KARAWANG, West Java: The high tide was coming but fishermen in the remote village of Sedari, in the northern coast of Indonesia’s West Java province, had no plans of venturing out to sea.
“The fishes are either dead or have fled elsewhere,” Mr Rohadi, who like many Indonesians goes with one name, said while cleaning and fixing his net, smeared by the spill from an oil rig 2km offshore.
Mr Rohadi, who can haul in 1 million rupiah (US$70) worth of catch in a day, said the only fish his three-crew boat managed to catch since the oil spill was a dying snapper covered in thick, black, crude oil which no one would buy.
“My savings are depleting fast. I don’t know how long my family can survive with no income like this,” the father of three told CNA.
Indonesia’s state-owned oil company Pertamina which operates the troubled oil rig YYA-1, said a sudden release of gas on Jul 12 triggered the release of crude oil from its bored well.
Pertamina said it has deployed more than two dozen ships armed with 2km-long oil booms - floating barriers used to contain an oil spill. It has also deployed five giant octopus-like skimmers to suck up the oil.
In the meantime, until the leak is plugged, thousands of fishermen and local businesses are reeling from the environmental and economic impact.
READ: Indonesia seeks US$2b over Australia oil spill
Although no longer as bad as the first week after the spill, crude oil still makes its way to shore, travelling as far away as the Thousand Islands in Jakarta some 60km west of the rig and Cilamaya, 50km east.
The spill has polluted 45 sq km of water according to an assessment by activists from the Indonesian Forum for the Environment, affecting the livelihood of thousands of fishermen.
FOOD STALLS, RESTAURANTS SUFFER
In Sedari village, pollution has also affected food stalls and restaurants along the beach which are popular among local tourists.

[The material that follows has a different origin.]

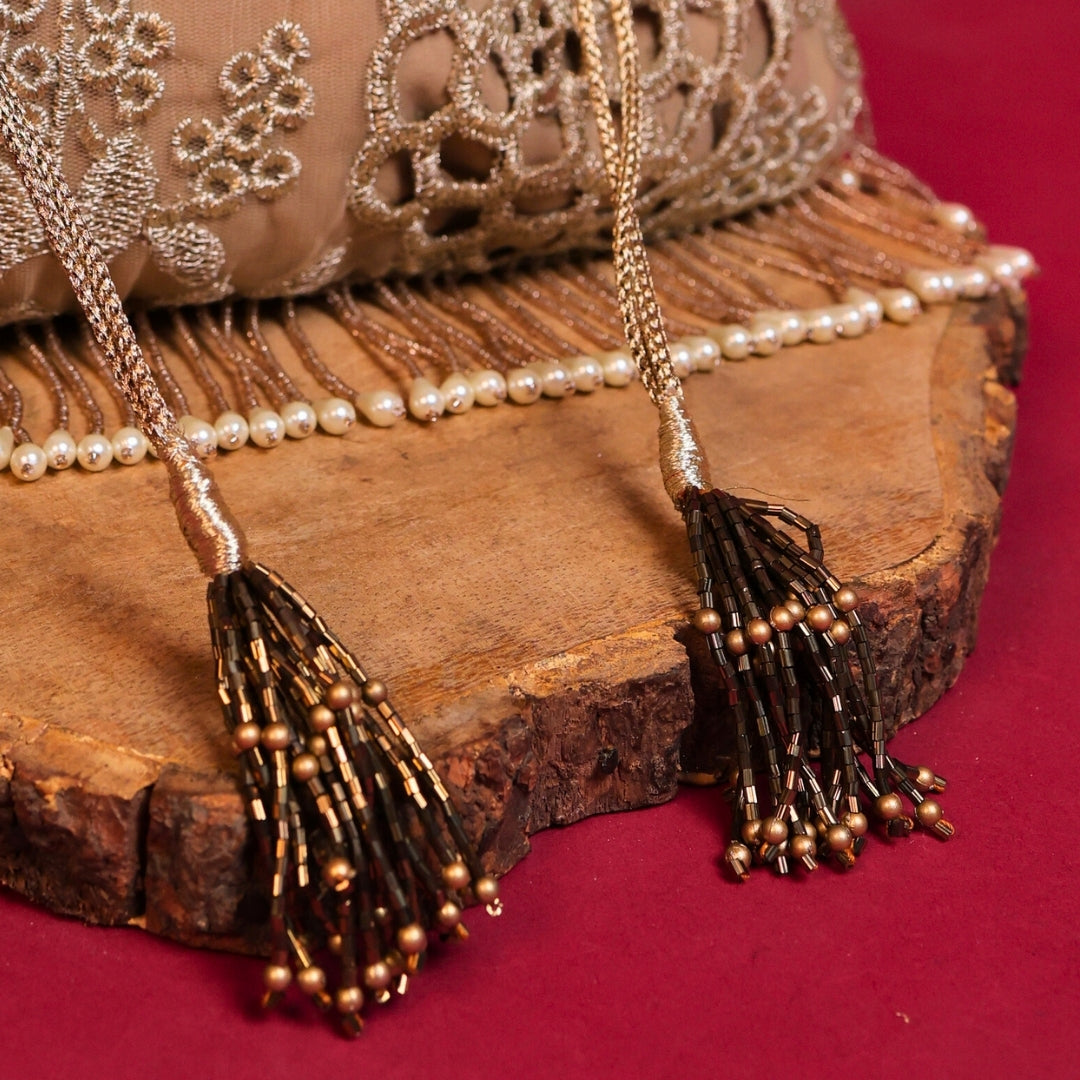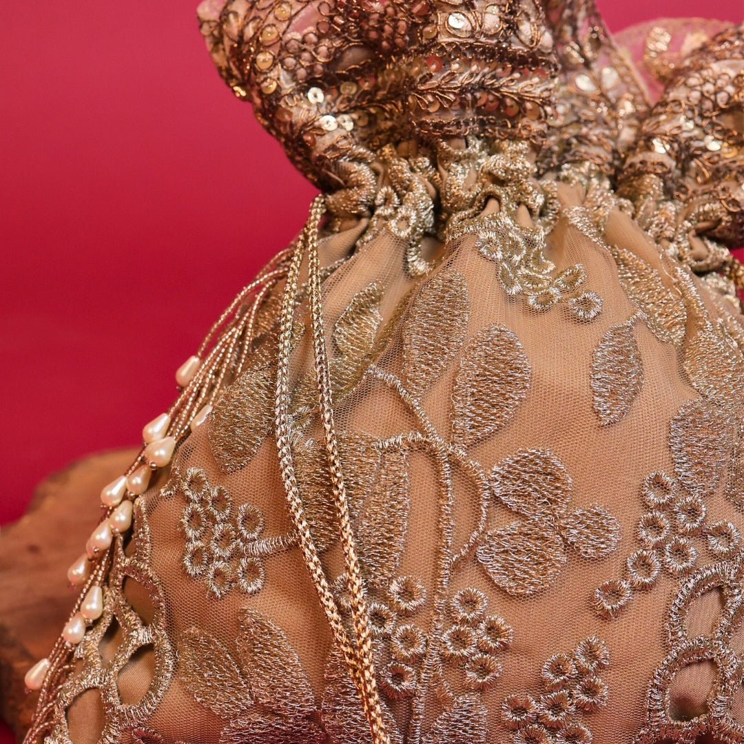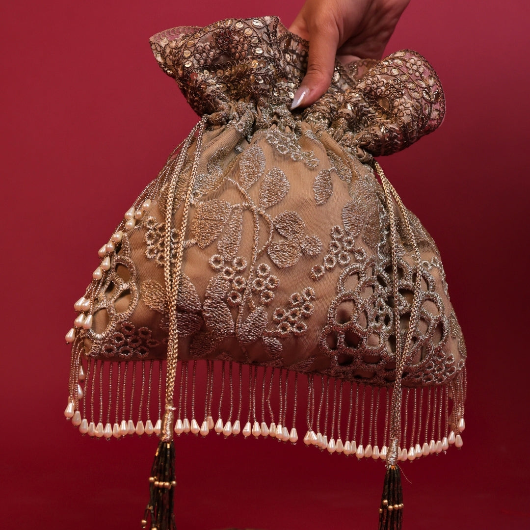 Delicate and timeless, the Serene Bloom Glint Potli is a graceful expression of GLAMGLINT’s artisanal heritage. Crafted in a soft neutral mesh base, this potli is adorned with intricate floral embroidery, subtle metallic threadwork, and finely detailed cutwork motifs. The scalloped embroidered border adds refined structure, while pearl-edged fringe detailing lends gentle movement and feminine charm. Finished with handcrafted drawstrings and beaded tassels, this piece is designed to complement weddings, daytime festivities, and elegant soirées. Handcrafted in India by skilled artisans, it embodies quiet luxury and enduring craftsmanship.

“People are afraid to come to the beach because of the oil spill. Before the incident, I usually make 400,000 rupiah on weekdays and 800,000 rupiah on weekends. Now, I’m lucky if I get 50,000 rupiah a day,” Ms Wariyi, a vendor, told CNA.
The situation was worse for seafood restaurants, with some shutting temporarily because customers were worried about consuming tainted produce.
Ms Titi Sumantri said the pollution has also affected consumer confidence towards freshwater fishes, seaweed and salt from farms around the coastal areas of Karawang.
“The oil spill didn’t touch my fish farm. But customers still wouldn’t buy my fish. People are scared. The only way is to sell them really really cheap,” Ms Sumantri said.
The situation is so dire that the only way to make money in Sedari and other worst hit villages like Cemara Jaya and Pasir Jaya was to join the team of workers cleaning the beaches affected by the oil spill.
Armed with shovels and plastic sacks, some 800 locals dressed in white protective clothing and gear have been collecting and transporting tons of polluted sand.
The sand is loaded onto trucks adorned with stickers indicating that they are toxic. The sand will then be safely disposed at waste treatment facilities across West Java.
“Pertamina is paying us 3,000 rupiah per sack,” one local, Wawan Darmawan told CNA as he waited along with at least a hundred others for his turn to load the six sacks of polluted sand he collected from a beach three kilometres away.
“Sedari is pretty much cleaned but the problem is the beaches which are still polluted are inaccessible by car, let alone by truck,” he said.
Mr Darmawan said he has to make three to four 10-minute round trips on his old motorcycle, just to earn 80,000 rupiah, a fraction of the 300,000 rupiah a day he makes as a boat crew.
“It’s better than no money at all,” he reasoned.
PERTAMINA CALLS FOR PATIENCE
How long will this situation last?
Pertamina’s corporate communications vice president Fajriyah Usman said it could take eight weeks before the leak is completely stopped.
“We are working to address the issue with our drilling platform. Until we fix the problem we will continue to keep the spill at bay with oil booms and skimmers to minimise the oil spill reaching the shore,” Ms Usman told CNA.
“We are working with a consultant from America with proven experience in handling oil spills like this. They are analysing ways to stop the source of the leak in a safe way considering that we are dealing with oil spills and gases. This is a high-risk operation.
“Which is why we are taking the time to make sure that we stop the leak in the most effective and safest way possible. It is not like fixing your plumbing work at home.”
READ: Oil spill cleanup fire kills 2 in Indonesia
The Pertamina executive said the company is preparing a compensation scheme for the affected communities.
“We are working with local people to clean the beaches. We are setting up health centres to check people’s conditions. We are assessing the damage done and will make sure that people are fairly compensated,” she said.
Coordinating Minister for Maritime Affairs Luhut Binsar Panjaitan told reporters that the government is making a separate assessment on the damages, to ensure that the compensation takes into account all direct and indirect damages to people’s health, the local economy as well as the environment.